Fundo novo de lata velha

Mais um ano sem chover; mais uma seca assolava o Nordeste. O 19 de março, dia de São José, já ia longe e nenhuma gota d’água tinha caído no agreste.

Na pequena cidade do interior, enquanto os homens saíam em busca de trabalho e de alimentos, as mulheres passaram a ter a tarefa adicional de buscar água no Rio Das Mortes onde ainda corria um filete do precioso e indispensável líquido. Dali coletava-se uma água esverdeada e salobre utilizada para beber, cozinhar, lavar e assear os moradores das redondezas.

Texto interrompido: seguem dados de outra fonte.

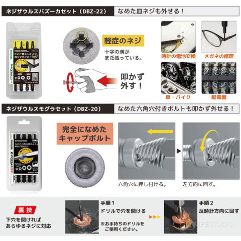 DBZ-20、DBZ-22/独自の先端形状により、潰れたプラスネジ、六角穴付きボルトを叩かず外せます。
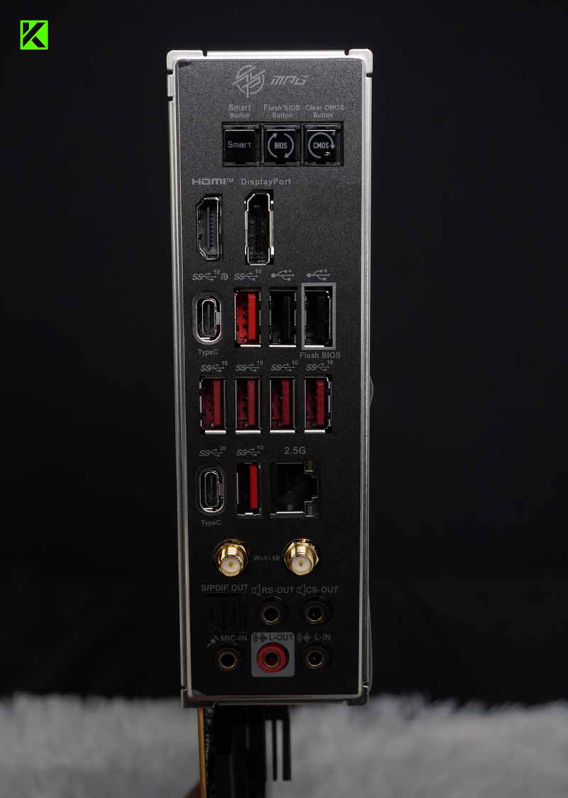 Port I/O panel terletak di bagian belakang motherboard, menyediakan beragam koneksi yang mudah diakses. Selain itu, desain slot RAM yang diberi label dengan warna kontras memudahkan pengguna dalam instalasi dan konfigurasi.

Trazendo as pesadas latas em cangas apoiadas nos ombros, as pobres senhoras paravam por diversas vezes durante o caminho para descansar; aqueles recipientes em contato com o solo e com a maresia vinda do longínquo oceano, enferrujavam com muita facilidade.

Pedro Corisco, artesão inteligente, deu tratos à bola e passou a fabricar uns invólucros de madeira para proteger as vasilhas dos impactos e da ação da natureza. Às latas, que já carregavam pau na boca, Pedro Corisco acrescentava madeira no fundo. O invento fez verdadeiro sucesso; quase todo mundo na cidade passou a comprar as proteções fabricadas por seu Pedro.

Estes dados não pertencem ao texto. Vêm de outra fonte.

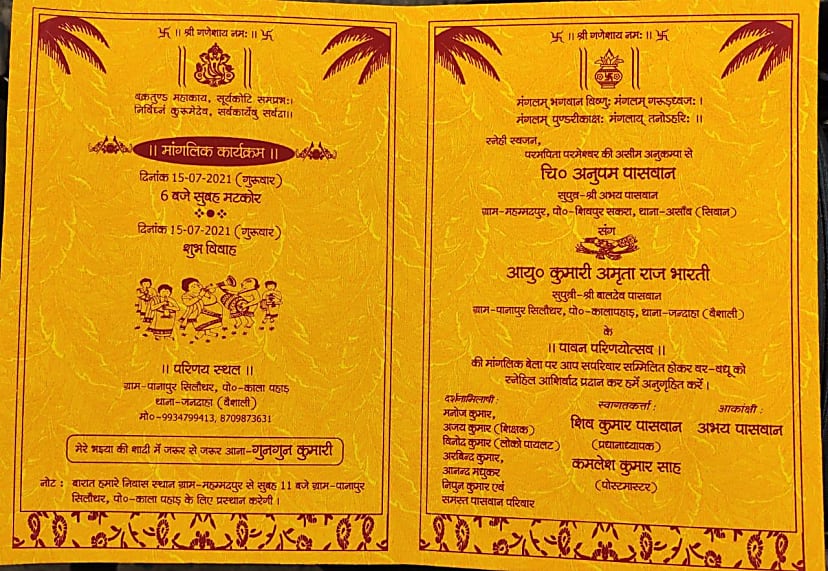 क्षेत्र लोग कुछ नया कर लोगों का ध्यान अपनी ओर आकर्षित करने का प्रयास करते हैं, इसी तरह के कुछ प्रवृत्ति राजनीतिक गलियारों में देखने को मिल रही है आए दिन लोग अपने प्रिय नेता का फोटो कार्ड पर छपवा कर उनके लिए समर्थन जाहिर करते हैं. इस बार ऐसा ही एक मामला सिवान के मोहम्मदपुर से आया है जिसमें विद्यार्थी पासवान नाम के व्यक्ति ने अपने प्रिय नेता का फोटो शादी के कार्ड पर छपवा कर अपने नेता के प्रति प्यार और समर्थन जाहिर किया है.

Certo dia, Jerusa, mulher bonita e voluptuosa, ao ver as latas protegidas de sua comadre Joana, assuntou e, com a informação, dirigiu-se à casa de Pedro Corisco para apreçar o serviço; lá chegando, entrou faceiramente na oficina do artesão, onde deu-se o diálogo:

- Seu Pedro, vi umas latas com proteção de madeira na casa de comadre Joaninha. Por sinal um serviço muito bem feito... De primeira... Ela me disse que foi o senhor quem fez...

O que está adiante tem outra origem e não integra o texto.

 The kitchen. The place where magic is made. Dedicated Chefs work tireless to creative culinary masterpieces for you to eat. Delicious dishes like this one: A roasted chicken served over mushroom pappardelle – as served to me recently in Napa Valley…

- Foi minha filha; já botei fundo de madeira em mais de oitocentas latas. Com aquela proteção, elas duram muito mais tempo... Já vêi gente até de Juazeiro encomendar meu serviço... - Respondeu o artesão, sem deixar de apreciar o belo colo, as curvas bem feitas, o recôncavo baiano entre as coxas e a bunda arredondada da cliente em potencial.

- Pois é seu Pedro... Eu quero fazer o mesmo serviço em seis latas que tenho lá em casa... Quanto custa?

- Custa seiscentos cruzeiros cada... Sendo seis, eu faço por três contos...

- Mas seu Pedro, tá muito caro... Num dá pra fazer um menos?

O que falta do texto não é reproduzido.